What is needed — Exactly reproduce the lines of the listing below from the one containing "Kylian Mbappe (PSG)" through the one containing "3、首先选择清洗类型,然后滑". Skip the images.

Exercise material —
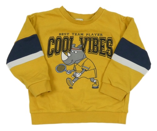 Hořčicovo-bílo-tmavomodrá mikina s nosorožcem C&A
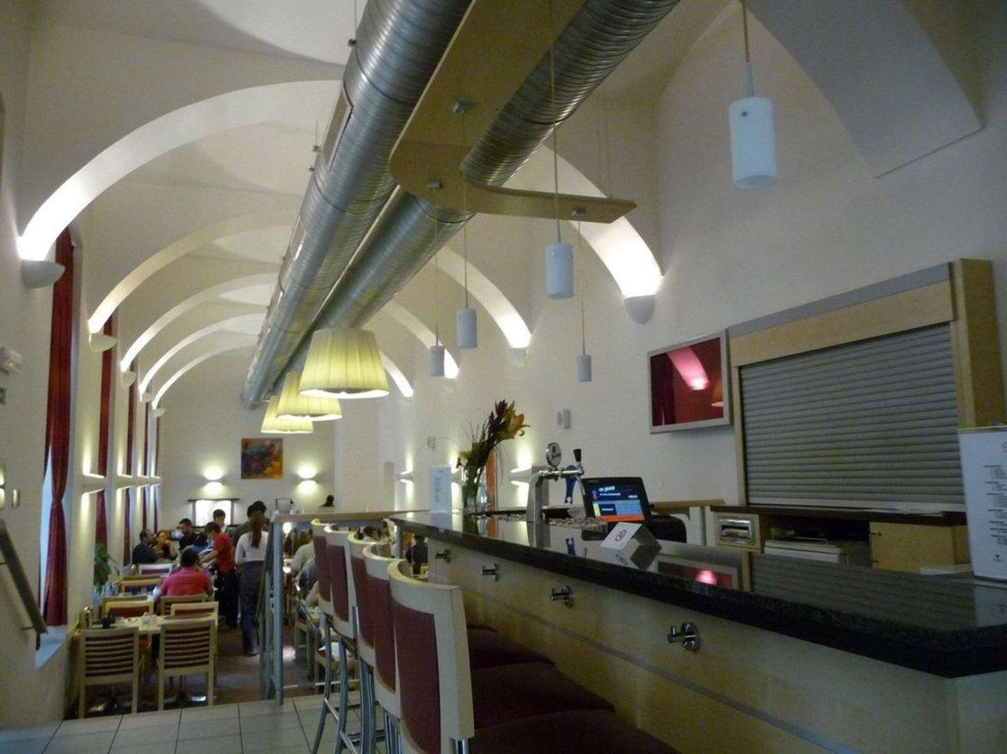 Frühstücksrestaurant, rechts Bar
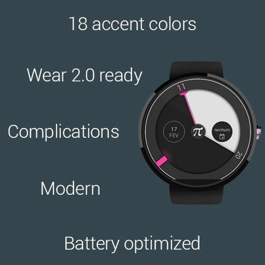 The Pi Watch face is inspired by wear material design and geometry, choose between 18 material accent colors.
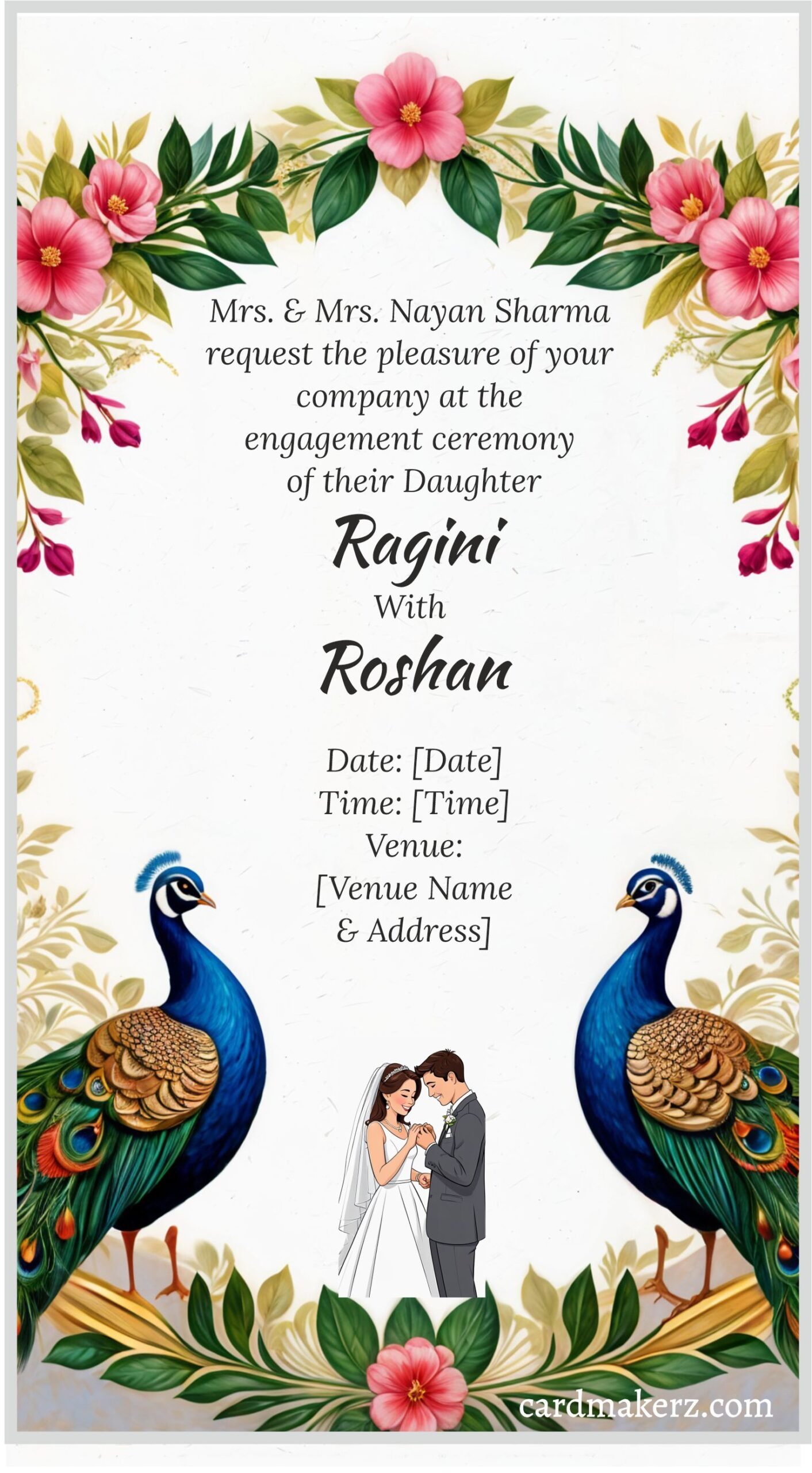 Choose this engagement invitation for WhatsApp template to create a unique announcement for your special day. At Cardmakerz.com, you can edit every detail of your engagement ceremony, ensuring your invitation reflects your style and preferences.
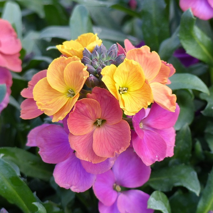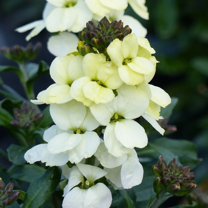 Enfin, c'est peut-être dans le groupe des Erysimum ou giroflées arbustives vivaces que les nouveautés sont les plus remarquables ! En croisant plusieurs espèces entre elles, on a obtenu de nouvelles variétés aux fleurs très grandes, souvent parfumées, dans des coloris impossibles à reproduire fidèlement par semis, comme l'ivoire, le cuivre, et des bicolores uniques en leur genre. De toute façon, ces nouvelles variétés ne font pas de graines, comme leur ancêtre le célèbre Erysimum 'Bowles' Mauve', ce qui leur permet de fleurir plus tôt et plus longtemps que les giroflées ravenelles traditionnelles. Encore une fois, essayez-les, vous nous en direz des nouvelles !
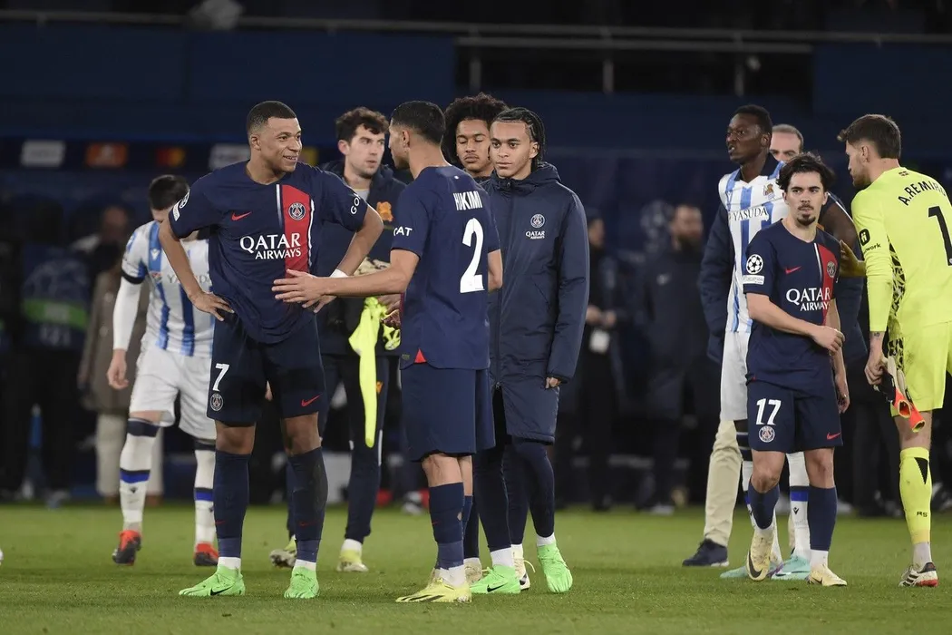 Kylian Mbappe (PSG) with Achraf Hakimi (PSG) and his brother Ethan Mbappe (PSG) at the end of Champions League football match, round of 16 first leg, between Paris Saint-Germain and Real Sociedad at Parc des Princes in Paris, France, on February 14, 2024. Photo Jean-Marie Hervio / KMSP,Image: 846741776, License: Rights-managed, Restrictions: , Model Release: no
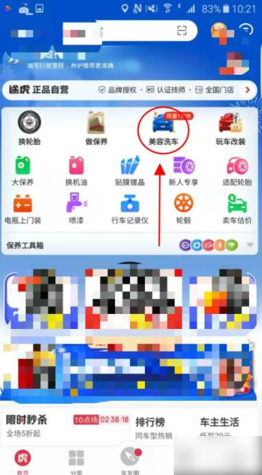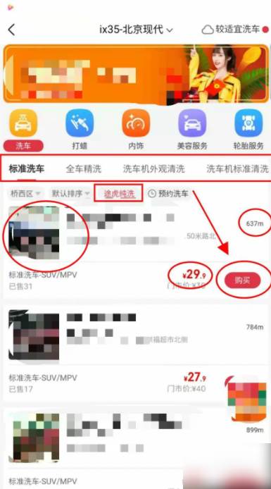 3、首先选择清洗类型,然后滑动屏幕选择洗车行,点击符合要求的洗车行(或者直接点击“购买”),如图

...

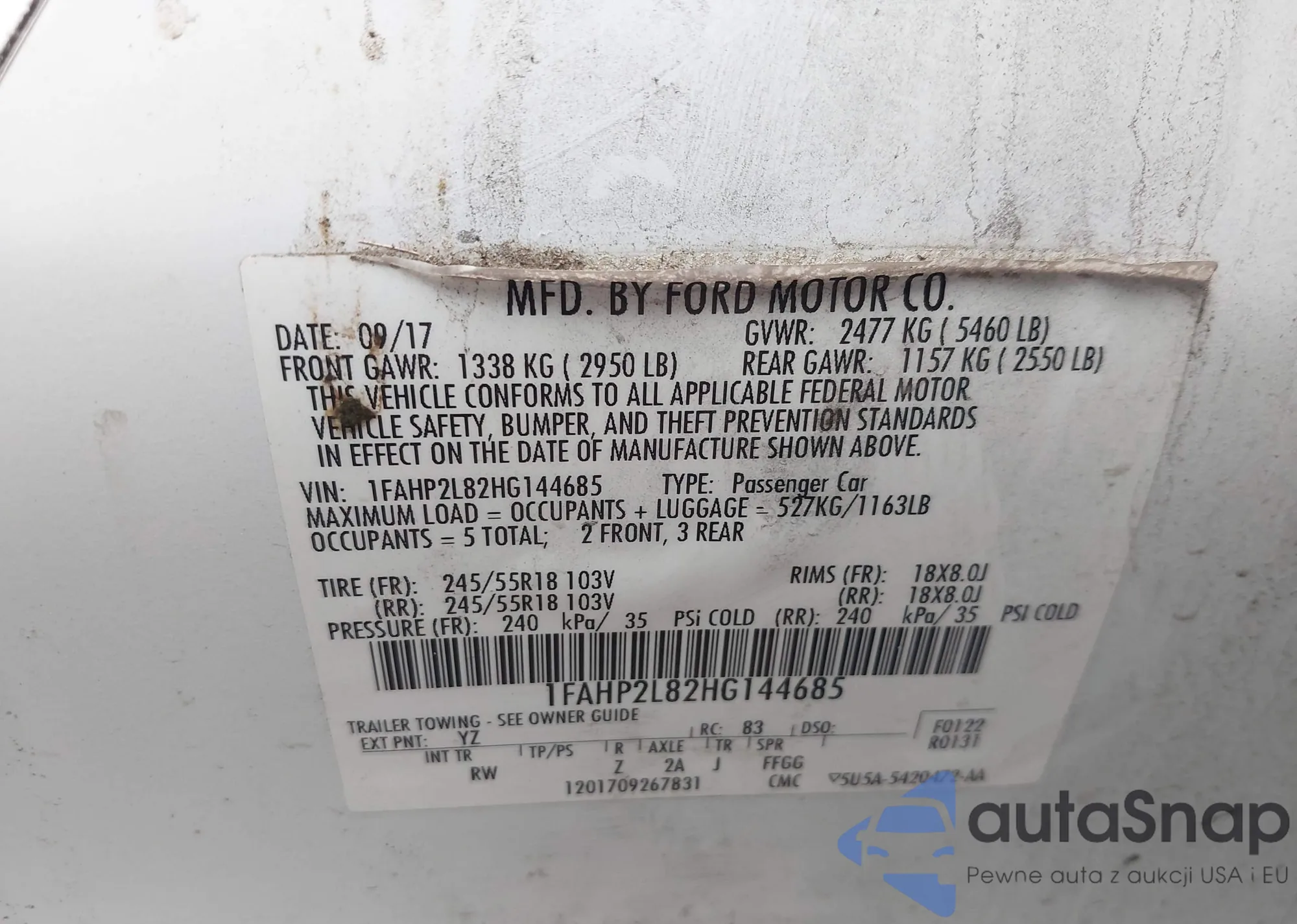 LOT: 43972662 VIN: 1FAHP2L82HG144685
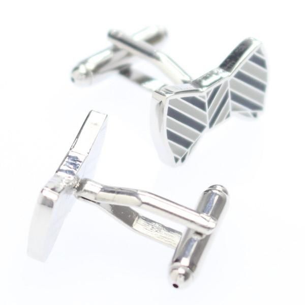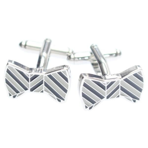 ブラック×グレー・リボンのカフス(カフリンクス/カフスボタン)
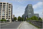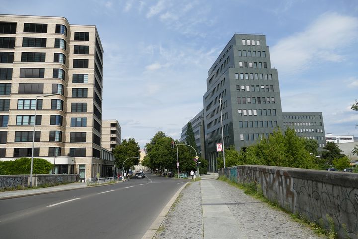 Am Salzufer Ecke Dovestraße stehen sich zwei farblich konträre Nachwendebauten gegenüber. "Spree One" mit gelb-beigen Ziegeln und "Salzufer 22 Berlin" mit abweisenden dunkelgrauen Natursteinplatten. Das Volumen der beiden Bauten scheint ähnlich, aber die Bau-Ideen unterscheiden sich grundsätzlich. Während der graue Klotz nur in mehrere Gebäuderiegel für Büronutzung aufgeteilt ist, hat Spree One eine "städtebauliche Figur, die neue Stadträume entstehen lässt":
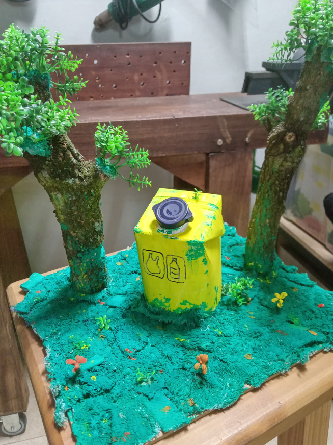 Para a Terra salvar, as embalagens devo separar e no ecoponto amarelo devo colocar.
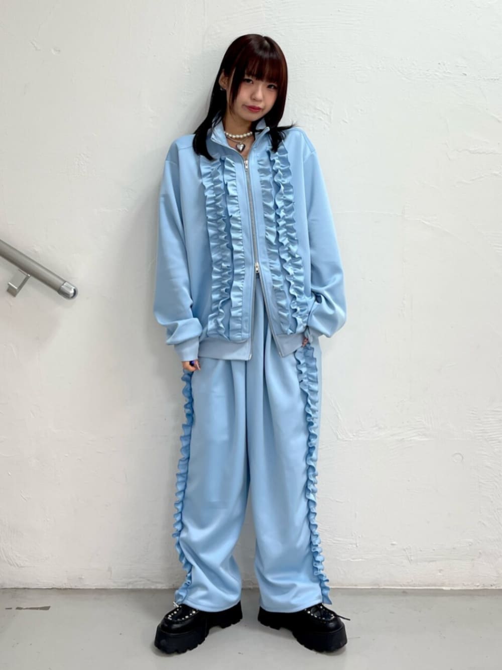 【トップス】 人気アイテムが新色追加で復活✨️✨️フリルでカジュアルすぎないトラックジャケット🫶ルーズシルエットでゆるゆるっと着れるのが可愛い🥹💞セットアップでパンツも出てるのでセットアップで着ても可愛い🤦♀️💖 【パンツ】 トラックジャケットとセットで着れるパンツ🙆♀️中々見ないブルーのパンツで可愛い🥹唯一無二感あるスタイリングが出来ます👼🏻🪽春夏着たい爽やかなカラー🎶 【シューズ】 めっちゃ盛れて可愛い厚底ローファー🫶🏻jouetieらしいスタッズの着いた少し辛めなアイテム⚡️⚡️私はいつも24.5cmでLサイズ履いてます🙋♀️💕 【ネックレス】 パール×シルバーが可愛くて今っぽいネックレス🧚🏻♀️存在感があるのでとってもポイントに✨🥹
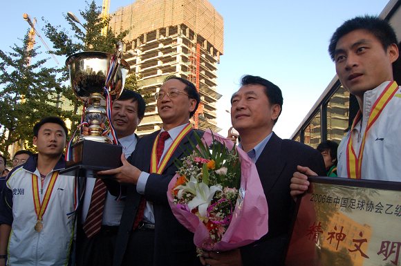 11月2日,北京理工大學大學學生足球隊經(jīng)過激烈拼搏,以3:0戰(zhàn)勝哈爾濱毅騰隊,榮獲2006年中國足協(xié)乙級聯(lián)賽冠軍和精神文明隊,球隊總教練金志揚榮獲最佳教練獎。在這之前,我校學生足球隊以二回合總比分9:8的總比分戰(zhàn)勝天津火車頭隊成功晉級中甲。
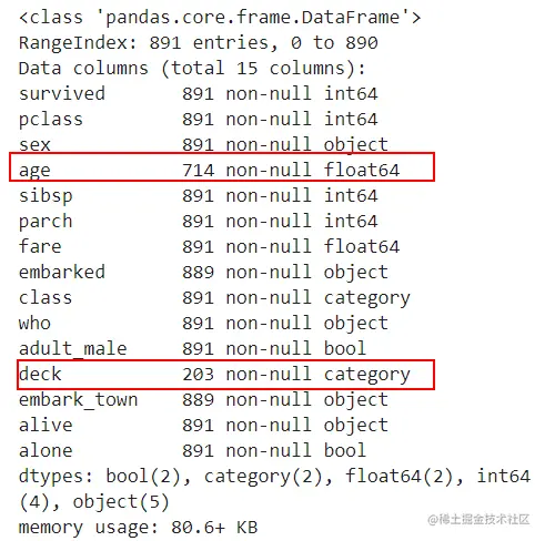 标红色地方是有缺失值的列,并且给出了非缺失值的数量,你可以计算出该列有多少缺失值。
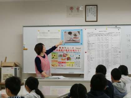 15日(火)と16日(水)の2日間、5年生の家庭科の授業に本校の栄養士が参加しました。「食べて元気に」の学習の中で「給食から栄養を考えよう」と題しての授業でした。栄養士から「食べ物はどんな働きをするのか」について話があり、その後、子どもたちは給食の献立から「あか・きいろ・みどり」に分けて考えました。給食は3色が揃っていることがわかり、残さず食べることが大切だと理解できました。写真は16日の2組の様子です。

Response area —
 Kylian Mbappe (PSG) with Achraf Hakimi (PSG) and his brother Ethan Mbappe (PSG) at the end of Champions League football match, round of 16 first leg, between Paris Saint-Germain and Real Sociedad at Parc des Princes in Paris, France, on February 14, 2024. Photo Jean-Marie Hervio / KMSP,Image: 846741776, License: Rights-managed, Restrictions: , Model Release: no
 3、首先选择清洗类型,然后滑动屏幕选择洗车行,点击符合要求的洗车行(或者直接点击“购买”),如图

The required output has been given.